▸ Assigned task
Only the lines below from the one containing "意味不明あだ名 | 『ペロリンたけたつ』『永久保存たけたつ』 |" through the one containing "THREE SECTIONS FROM" belong in the answer, repeated exactly and without pictures.

▸ Extracted entries
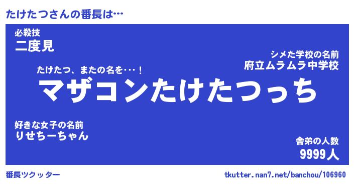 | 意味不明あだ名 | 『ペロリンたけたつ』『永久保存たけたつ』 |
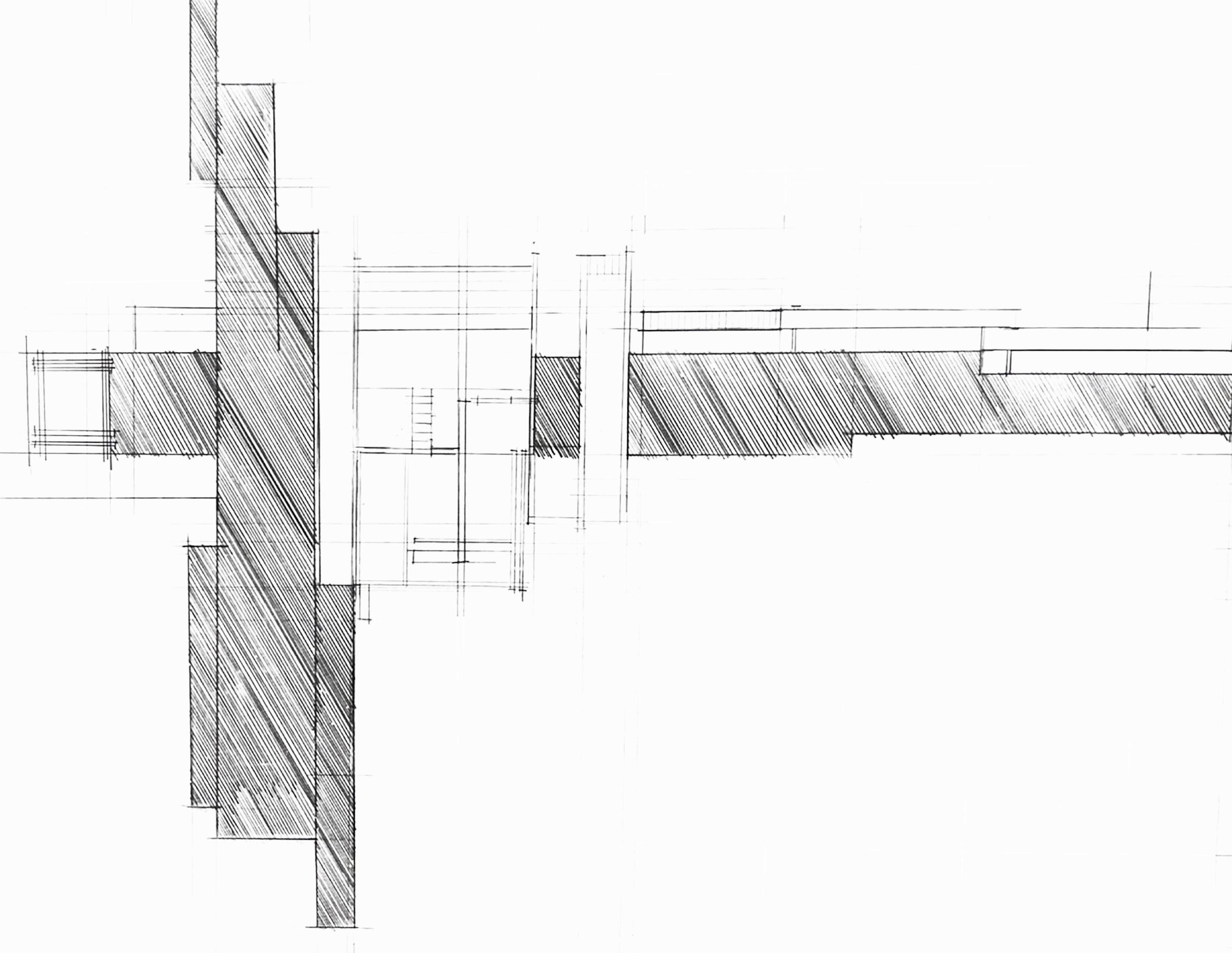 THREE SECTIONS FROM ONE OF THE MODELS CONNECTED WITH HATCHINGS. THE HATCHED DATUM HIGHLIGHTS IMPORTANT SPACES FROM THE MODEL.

* * *

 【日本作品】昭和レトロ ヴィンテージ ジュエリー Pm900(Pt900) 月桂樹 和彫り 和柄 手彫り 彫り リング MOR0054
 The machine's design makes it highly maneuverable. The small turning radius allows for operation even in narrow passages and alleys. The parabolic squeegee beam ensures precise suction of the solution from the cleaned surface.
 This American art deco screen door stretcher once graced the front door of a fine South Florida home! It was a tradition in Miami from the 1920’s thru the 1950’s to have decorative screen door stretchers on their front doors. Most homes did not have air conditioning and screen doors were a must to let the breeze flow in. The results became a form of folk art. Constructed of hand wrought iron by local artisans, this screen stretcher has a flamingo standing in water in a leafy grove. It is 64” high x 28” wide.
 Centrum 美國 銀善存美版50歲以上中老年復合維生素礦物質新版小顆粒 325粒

▸ Written response
 | 意味不明あだ名 | 『ペロリンたけたつ』『永久保存たけたつ』 |
 THREE SECTIONS FROM ONE OF THE MODELS CONNECTED WITH HATCHINGS. THE HATCHED DATUM HIGHLIGHTS IMPORTANT SPACES FROM THE MODEL.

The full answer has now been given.